Repairing a small ding costs as little as $50 to $60. Replacing a cracked windshield can cost hundreds of dollars; on some cars, the cost may be even higher. "Once a ding or star (star-shaped with points spreading out) expands, windshield replacement is often the only option," says windshield repair technician Jay Bickford.

"If the damage is reported quickly, the odds are much improved that the windshield can be saved," says Bickford. "It is important to perform the repair before dirt infiltrates into the break."

To attain optimum consumer safety, Bickford recommends repairing a windshield whenever possible, instead of replacing it. Repair not only saves the windshield it preserves the factory's seal of windshield to auto body. "Since passenger side air bags deploy off the windshield, preserving the factory installation is an important safety consideration," explains Bickford. "Keeping the factory's original adhesive set also helps avoid air and water leaks."

Fluids

As any mechanic will tell you, checking fluids is the least expensive and easiest preventive maintenance you can do. Change your oil frequently (consult your owner's manual for recommended frequency), and don't forget to change your engine coolant (diluted with 50 percent water) and transmission fluid, about every two years. Pure engine coolants can freeze at zero degrees, but mixing with water prevents freezing and provides great protection for the cold weather.

Though fluids like oil and transmission are commonly checked, other fluids integral to your vehicle's performance, may go unnoticed. Power steering, brake, radiator and battery fluids also should be filled to recommended levels.

Don't forget to top off windshield washer fluid. If you've ever driven after salt trucks have come through to melt snow and ice, you know the importance of windshield washer fluid. Do not dilute washer fluid with water since it can freeze during winter's harsh temperatures. While you're at it, you might want to change the wiper blades to prevent poor vision in already poor driving conditions.

Batteries and Corroded Cables

Winter mornings can wreak havoc on an older battery. The average life of a battery is 3 1/2 years. If your battery is older than that, it's probably time to replace. Have a mechanic check the battery and cables to ensure your car starts quickly and reliably.

Anything Made of Rubber

Worn, bald or badly aligned or balanced tires can mean accidents on ice, rain or snow. Have your tires checked for proper inflation and alignment, and rotate them about every 6,000 miles. If you live in unusually snowy areas, you may want to consider snow tires for added traction, or keep chains in your trunk or garage to help you through heavy snowfall.

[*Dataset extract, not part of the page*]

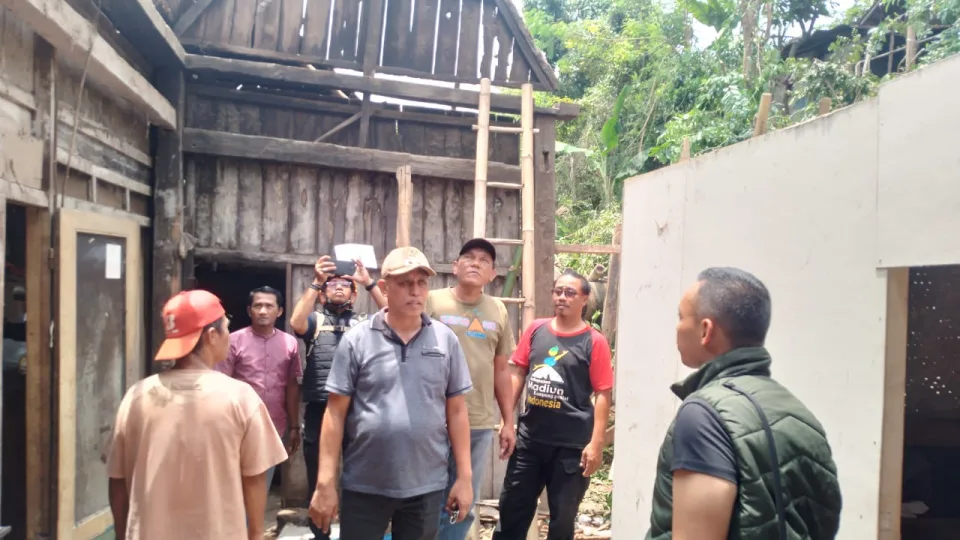 Pantauan IndonesiaPos dilokasi kejadian, banyak warga bergotong royong memperbaiki kembali rumah Buk Sahud yang prak poranda. (tikno)

Rubber parts under your hood need maintenance, too. Radiator, heater and vacuum hoses, among others, should be checked for cracks and bulges. Also, inspect all belts for damages and splits.

Rust, Minor Scratches and Nicks

Road salt can turn a slight scratch or nick to an ugly rust spot that's impossible to avoid. And it can spread. Avoid costly body work by restoring spots before they turn into larger problems.

Boots

Front-wheel drive vehicles equipped with CV (constant velocity) joints should have the boots checked for rips and cracks. Boots protect CV joints, but when the joints are exposed to salt, ice and snow, they can damage the joint. Replacing a joint can costs hundreds of dollars, but replacing a boot costs a small fraction of that.

Spark Plugs

Worn or misfiring spark plugs can affect how efficiently a vehicle burns the fuel/air mixture, ultimately affecting engine performance. Worn spark plugs waste gas and increase exhaust emissions, so have them checked and replaced often.

Brakes

Don't postpone needed brake work. It's dangerous to drive with poorly performing brakes, especially in snowy weather. Postponing brake service also can cause the cost of overhauling your brake system to skyrocket.

Lights

Last, but not least, check your lights. Accidents can occur if you can't see where you're driving, or if other drivers can't see you, especially as we approach winter's short days and long nights.

Maintain your vehicle regularly to provide years of service with better performance and safety.